**Stored data**
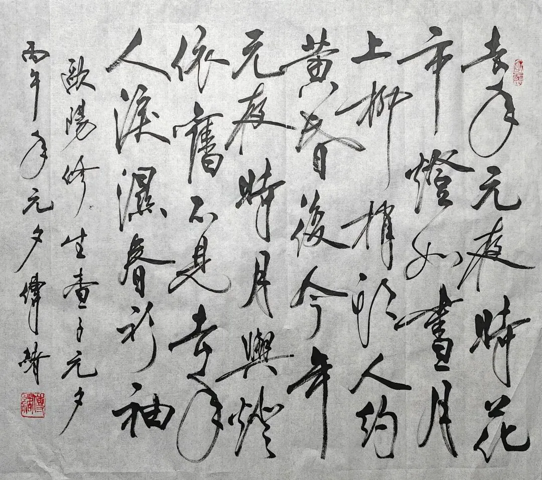 欧阳修《生查子・元夕》:去年元夜时,花市灯如昼。月上柳梢头,人约黄昏后。今年元夜时,月与灯依旧。不见去年人,泪湿春衫袖。黎传绪今译:
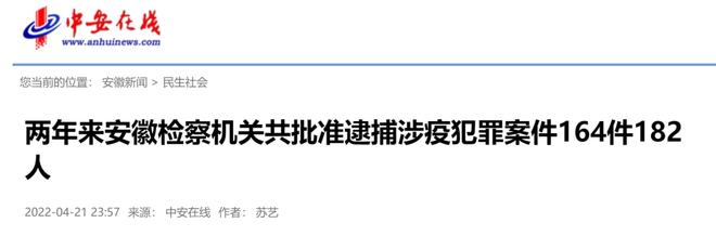 两年来安徽检察机关共批准逮捕涉疫犯罪案件164件182人
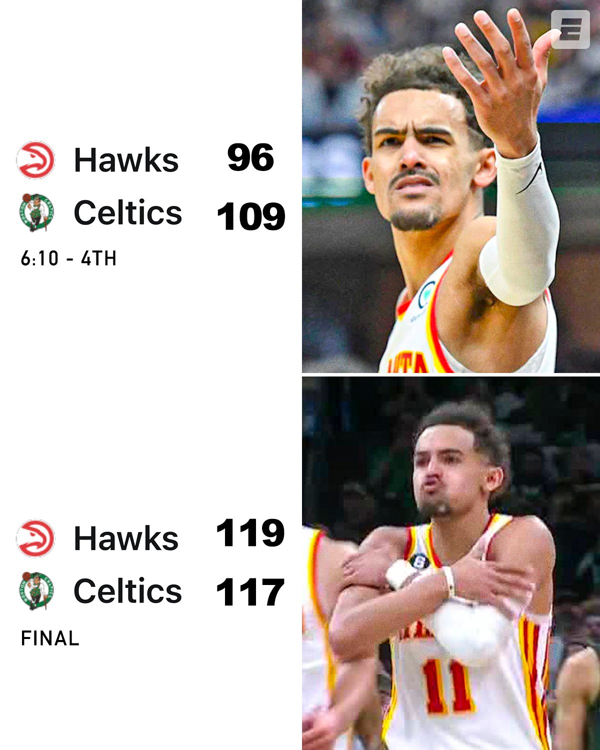 特雷-杨表情变化:6分钟落后13分算什么 最后绝杀成功装X
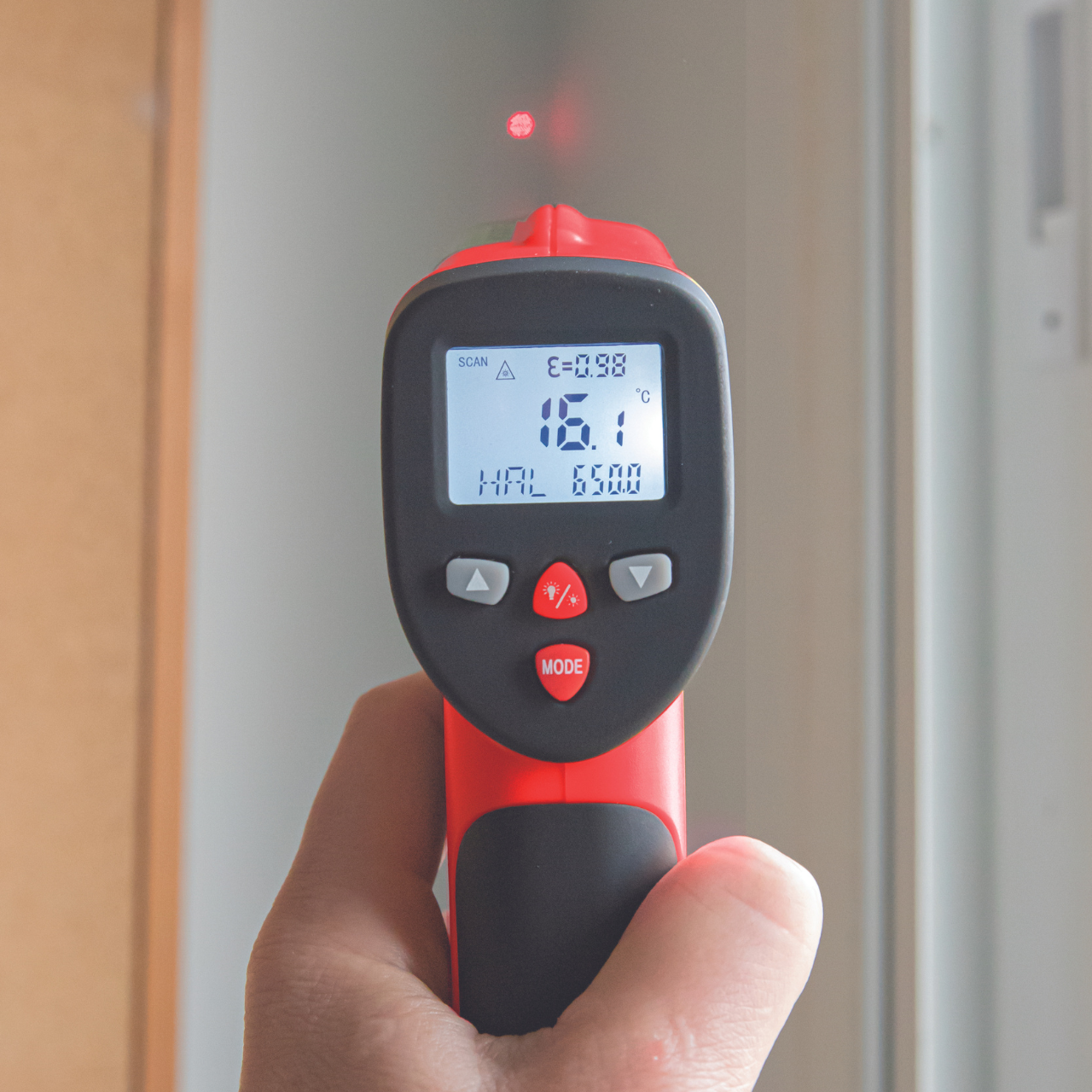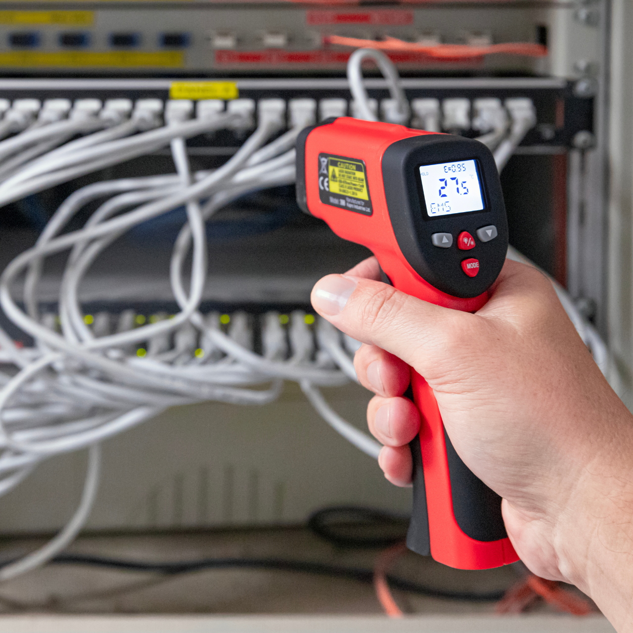 The 398 measures temperature between -58°F to 1,202°F / -50°C to 650°C with a 12:1 distance to spot size ratio. Emissivity is adjustable from 0.01 ~ 1.0.

**Exercise**
Copy out the listing exactly as it stands, but not the pictures.

**Expected answer**
 欧阳修《生查子・元夕》:去年元夜时,花市灯如昼。月上柳梢头,人约黄昏后。今年元夜时,月与灯依旧。不见去年人,泪湿春衫袖。黎传绪今译:
 两年来安徽检察机关共批准逮捕涉疫犯罪案件164件182人
 特雷-杨表情变化:6分钟落后13分算什么 最后绝杀成功装X
 The 398 measures temperature between -58°F to 1,202°F / -50°C to 650°C with a 12:1 distance to spot size ratio. Emissivity is adjustable from 0.01 ~ 1.0.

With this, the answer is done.